Convolutional neural networks (CNN)
A convolutional neural network (CNN) is a type of deep learning architecture specifically designed for processing grid-structured data like images. Its defining operation is convolution: sliding small learnable filters (typically 3x3 or 5x5 pixels) across the input image to detect local patterns like edges, corners, and textures. By stacking many convolutional layers, the network learns to recognize increasingly complex features, from simple edges in early layers to object parts and full objects in deeper layers.

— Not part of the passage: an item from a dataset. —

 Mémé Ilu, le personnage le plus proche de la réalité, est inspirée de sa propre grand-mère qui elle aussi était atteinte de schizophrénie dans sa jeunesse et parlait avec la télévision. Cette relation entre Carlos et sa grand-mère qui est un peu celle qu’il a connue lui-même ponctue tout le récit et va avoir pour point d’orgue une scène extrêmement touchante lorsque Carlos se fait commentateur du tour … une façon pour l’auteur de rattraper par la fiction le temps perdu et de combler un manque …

A typical CNN architecture consists of convolutional layers (feature extraction), pooling layers (spatial downsampling to reduce computation), and fully connected layers (classification). Modern CNNs add batch normalization (stabilizes training), residual/skip connections (enables very deep networks like ResNet), and squeeze-and-excitation blocks (channel attention). Popular architectures include VGG, ResNet, EfficientNet, ConvNeXt, and the convolutional backbones used in YOLO detectors.

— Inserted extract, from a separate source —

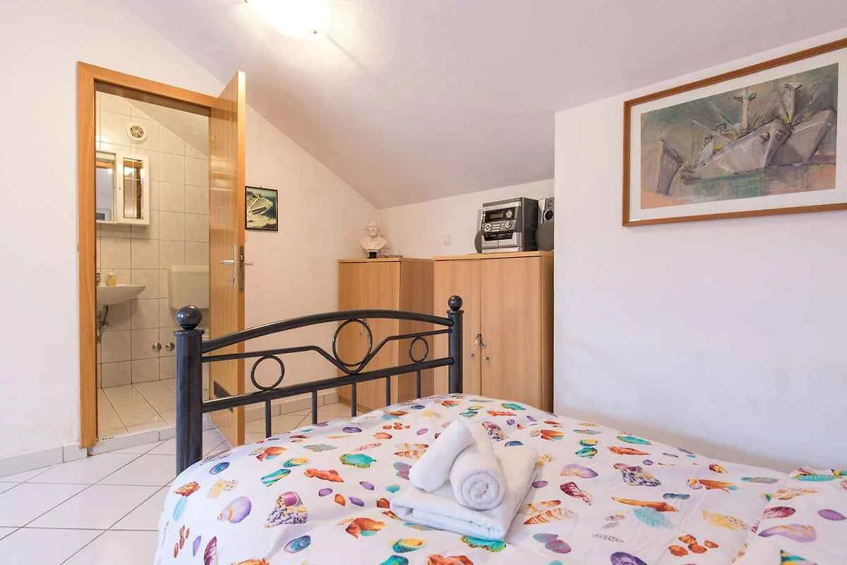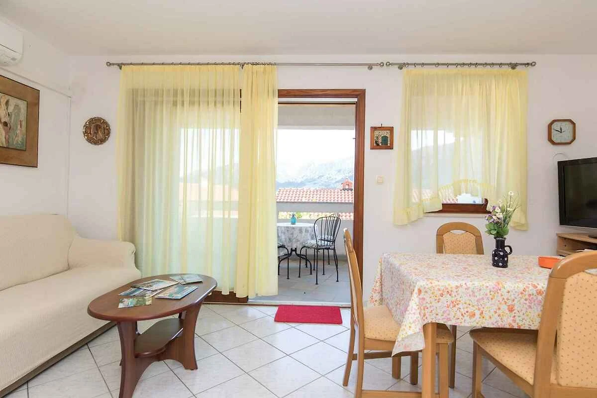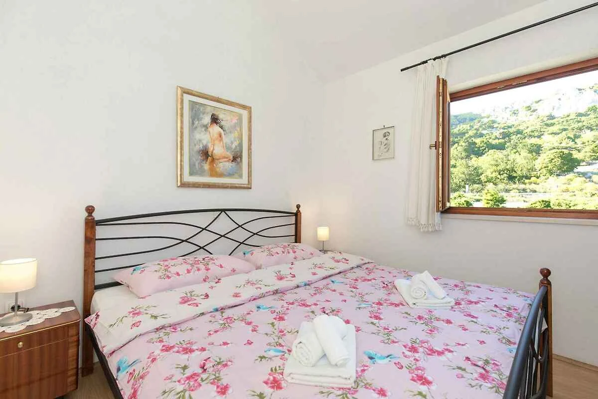 Baška. L'appartamento per vacanze si trova su un terreno di giardino aperto con fiori e arbusti. Il locatore non abita nella casa o sulla proprietà. L'accesso avviene tramite una strada secondaria (asfaltata, lunghezza 8 m). Parcheggio (per 1 auto) sulla proprietà.

CNNs dominated computer vision from 2012 (AlexNet) through 2020 and remain widely used, especially for real-time and edge deployment where their efficient local computation is an advantage over transformer architectures. Most object detection and segmentation models still use CNN backbones (ResNet, CSPDarknet, EfficientNet) as feature extractors, even when paired with transformer-based detection heads.